A consortium which failed in its effort to buy Australian airline Qantas has said it could return with another bid.
The takeover has faced strong opposition in Australia
Regulators rejected a last-ditch attempt by the group to get shareholder backing despite it saying it had garnered enough support to proceed.
Airline Partners Australia (APA) had earlier missed a key deadline in the bid process, scuppering its chances.
APA offered 10.8bn Australian dollars (£4.5bn; $8.9bn) for Qantas, despite opposition from some politicians.
The uncertainty over the bid has led to Qantas shares being suspended and calls from some shareholders for senior management to resign.

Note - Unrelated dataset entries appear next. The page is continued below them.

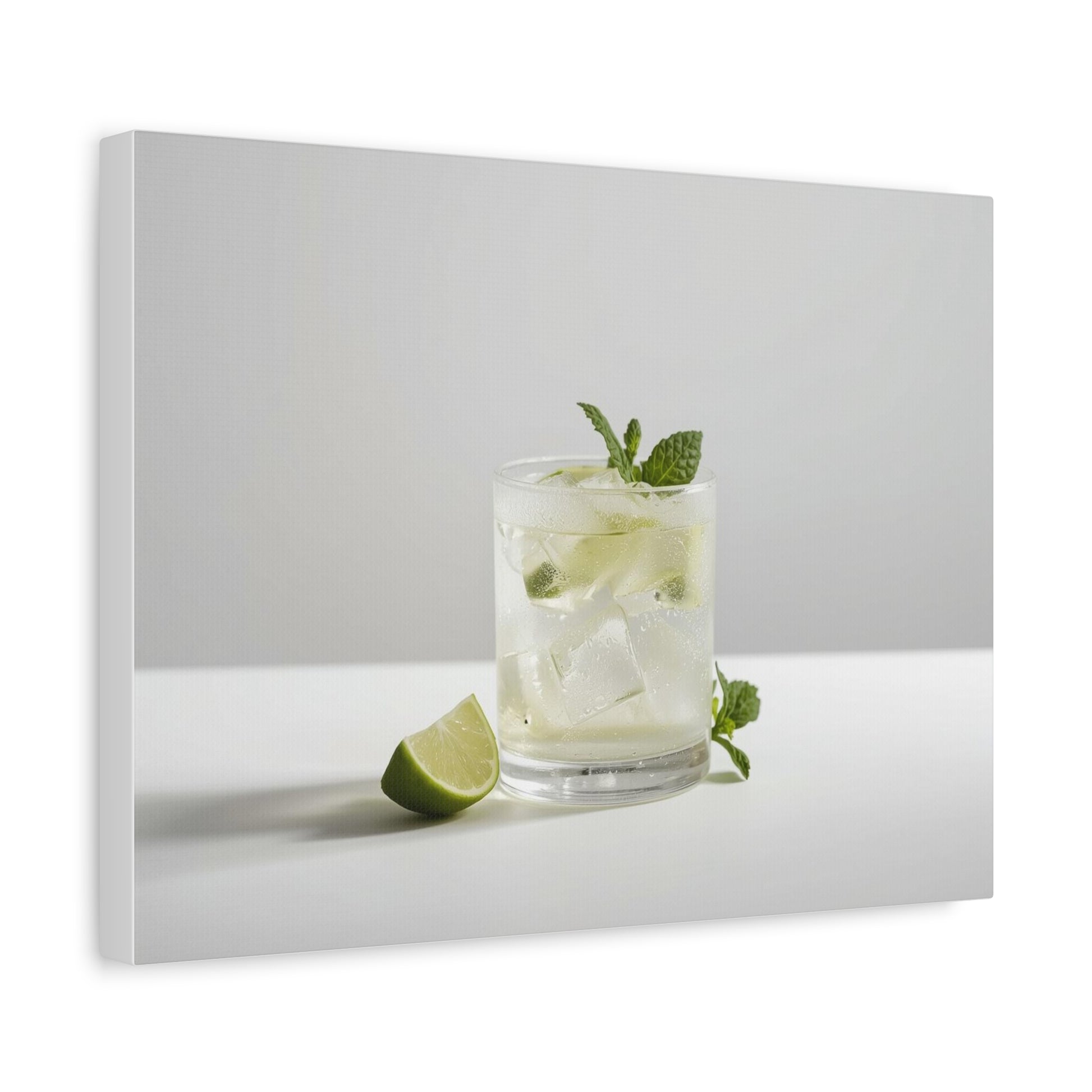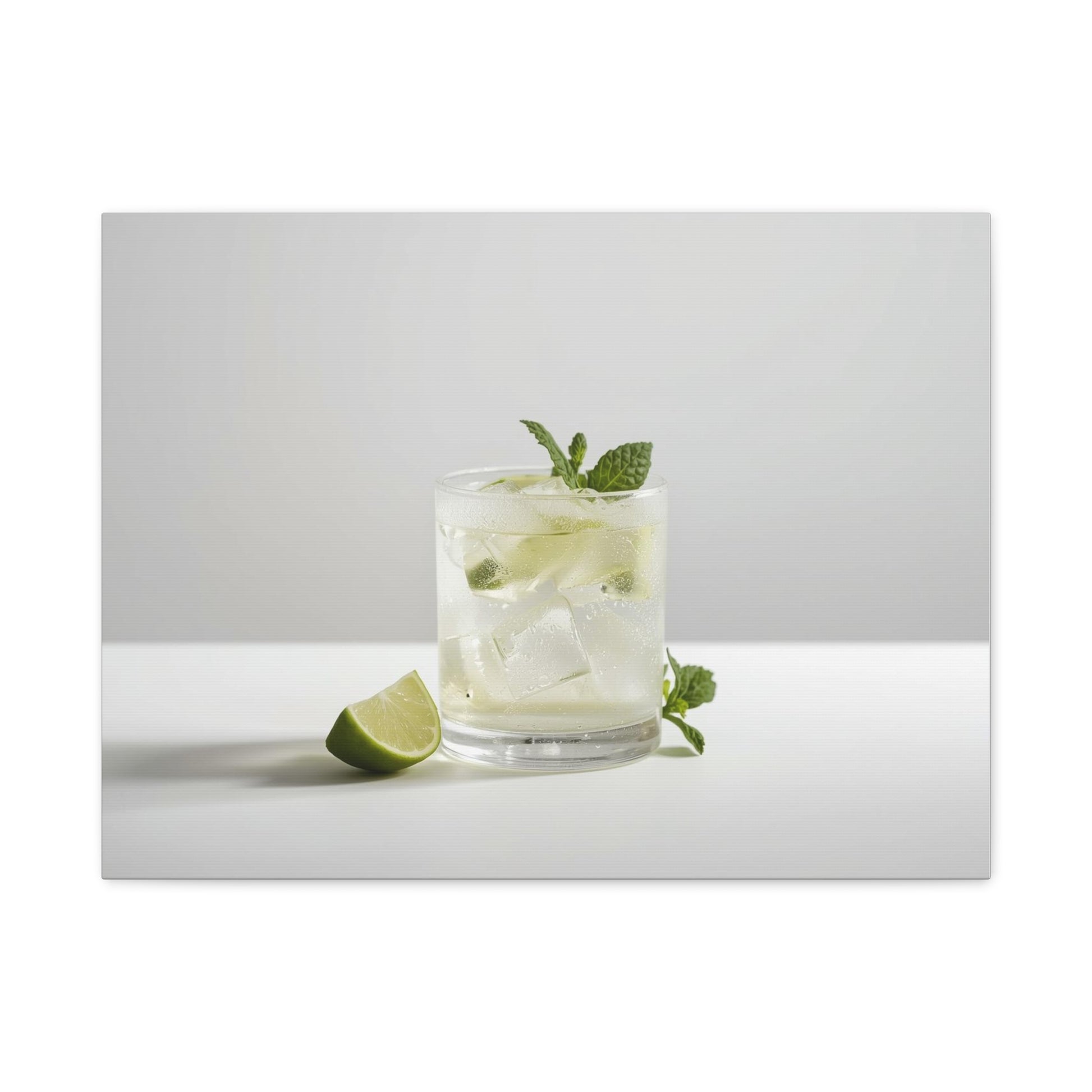 A crisp, minimal matte canvas print that brings a quiet moment of refreshment into your space. The image — a glass of lime-mint refreshment on a soft gray background — feels like a breath of cool air on a sunlit counter. Mounted on a slim 1.25" pine profile, the stretched canvas sits close to the wall for a modern, gallery-ready look. Subtle texture from the cotton-poly canvas and the muted matte finish keep reflections low and colors natural, so the delicate greens and soft whites remain calm and true. Small rubber dots on the back keep the piece steady on the wall, and a secure back-hanging system makes installation straightforward. Sustainable materials and non-toxic latex inks mean you can enjoy the artwork with a light footprint and confident peace of mind.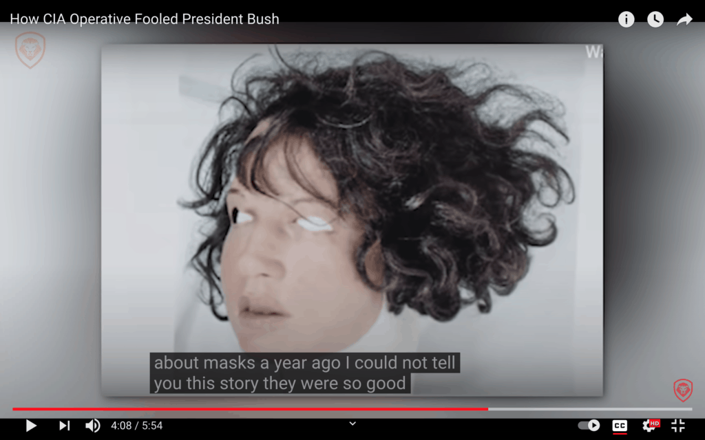 In this next video with Jonna Mendez, at about 4 minutes in, she shares the story of how she tricked President George W. Bush with a mask.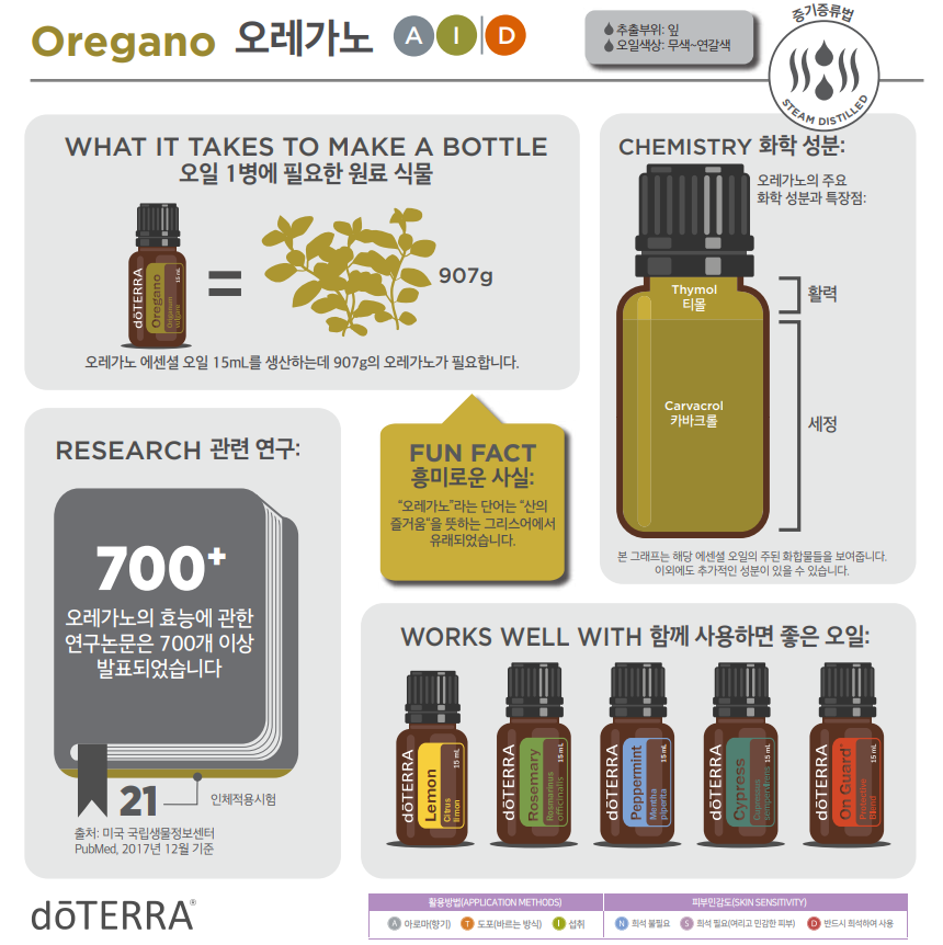 오레가노의 주요 화학 성분은 페놀 성분인 카르바크롤과 티몰입니다. 페놀 함량이 높기 때문에 오레가노의 향을 직접 맡을 경우에는 1방울 정도 소량을 주의해서 사용 해야합니다.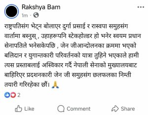 उनले लेखेकी छन् । , ” राष्ट्रपतिसंग भेट्न बोलाएर दुर्गा प्रसाई र रास्वपा समुहसंग वार्तामा बस्नुस् , उहाहरूपनि स्टेकहोल्डर हो भनेर स्वयम प्रधान सेनापतिले भनेसकेपछि , जेन जीआन्दोलनका क्रममा भएको बलिदान र युगान्तकारी परिवर्तनको यात्रा तुहिने भएकाले हामी त्यस प्रस्ताबलाई अस्विकार गर्दै नेपाली सेनाको मुख्यालयबाट बाहिरिएर प्रदशनकारी जेन जी समुहसंग छलफलका निम्ती तयारी गरिरहेका छौं।”

The consortium, which includes acquisitive Australian bank Macquarie and US private equity group Texas Pacific, had been set a deadline of 0900 GMT on Friday to win at least 50% of shareholder acceptances in order for the bid to go ahead.
Although APA failed to meet the deadline, a decision shortly afterwards by a key US investor to back the deal left the consortium with 50.6% of Qantas shareholder support.
APA sought permission to proceed with the next stage of the bid, in which it would be required to gain 70% of shareholder support over the next two weeks.
However, Australia's takeovers panel refused the request, saying it had "decided not to commence proceedings in relation to APA's application".
APA said it planned to challenge the ruling.
It added that it was "exploring a number of alternatives including the possibility of making a renewed offer for Qantas" at the same price.
The collapse of the bid prompted fierce criticism from some shareholders.
"It seems that the current board has crossed the line from representing shareholders to representing private equity," said investment adviser Marcus Padley.
Ministers said a new bid would have to subjected to the same regulatory scrutiny as the previous one, which was backed by the government despite misgivings by many politicians.
Qantas shares are expected to resume trading on Tuesday.